Sum of Its Parts
As a player, I have always been excited by the tangibility of board games; The satisfying snap of a mahjong tile hitting the table. Flipping disks in Reversi. Moving meeples in Agricola. Spinning the board in Tzolk'in. Trading sticks in Catan. Fitting pieces in Patchwork. The tactile sensation cannot be replicated digitally, and remains as the reason I still spare time to play on tabletop despite owning enough video games for a lifetime.
When crowdfunding came into the picture, it heralded a new era. You can support these small makers with dreams, and in turn receive cool stuff. Who wouldn't want clacking wooden meeples or gleaming metal ores with actual heft? A dragon figurine which doubles as a paperweight?
Fast forward a few years though, and for every interesting game coming out of the scene, we have this vast landscape of overengineered titles with heaps and heaps of components inside ever-growing boxes. To incentivize funding, every project comes with two dozens stretch goals that have to be fit into a game somehow. They are pretty, alright, sometimes even beautiful enough to entice people who don't usually play board game to try it out with you. You sit down to play, and you meet this sprawling mess of seven different mechanics half-baked together, justifying the existence of every colorful bits of components.

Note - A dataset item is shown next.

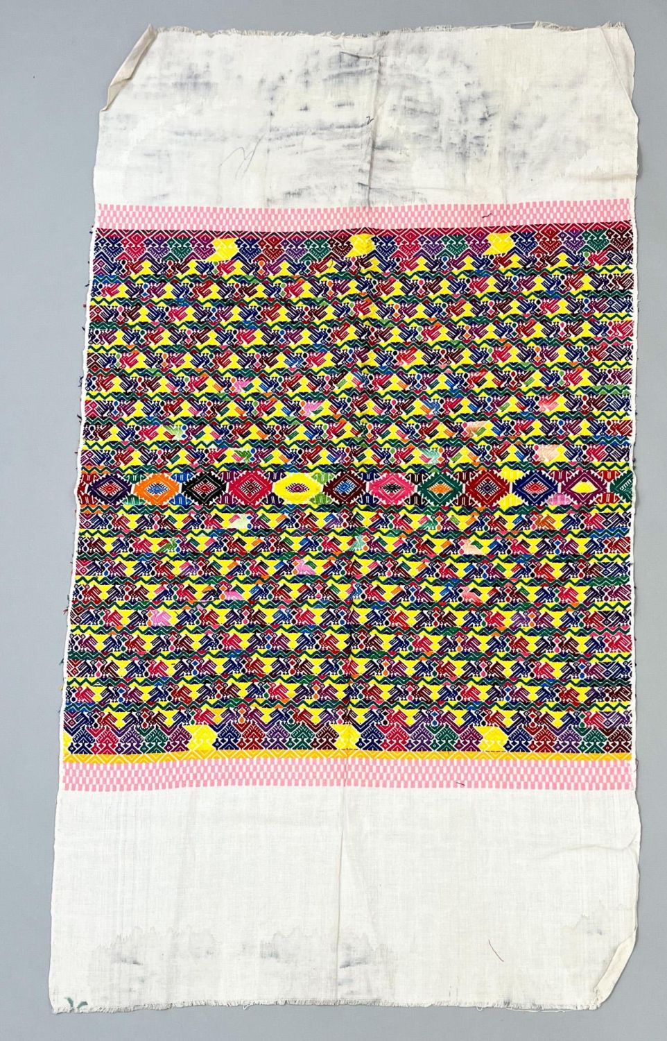 Totonicapan, Guatemala, vintage woven cotton "Tezute" wrap, undyed cotton with symbolic vibrant color pattern, 61"l x 34’w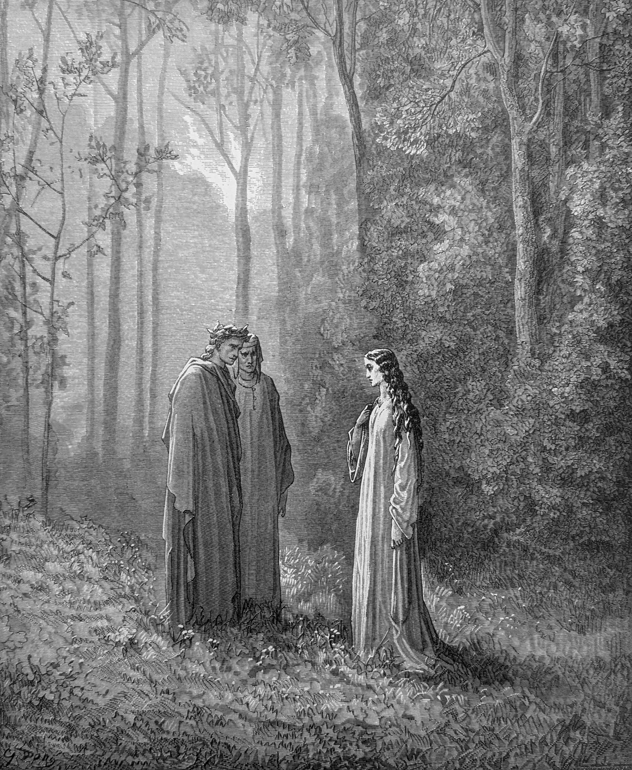 4. The speaker here identifies himself as Buonconte da Montefeltro, and like Jacopo before him, his request is couched in gracious language. And yet, there is a great sadness to his story because no one in his hometown, including his wife, Giovanna, seems to remember or care about him which causes him great embarrassment. Like others before him, though he doesn’t say so directly, he, too, wants prayers that will speed him on his way to penitence in Purgatory proper.

They're monstrous, confusing, and unwieldy, and not quite belonging to any place other than the display case or the coffee table.
My go-to card games like Hanamikoji and Abandon All Artichokes may be packaged in oddly-designed boxes, but once repackaged they're just simple deck of cards you could easily fit into your jacket pocket and offers many hours of fun. I can teach them to anyone in ten minutes flat. Even if you would rightly point this out as an unfair comparison, one could still agree that board games used to come in more reasonable sizes. My favorite board games can fit into a messenger bag, and the biggest ones fit into a backpack.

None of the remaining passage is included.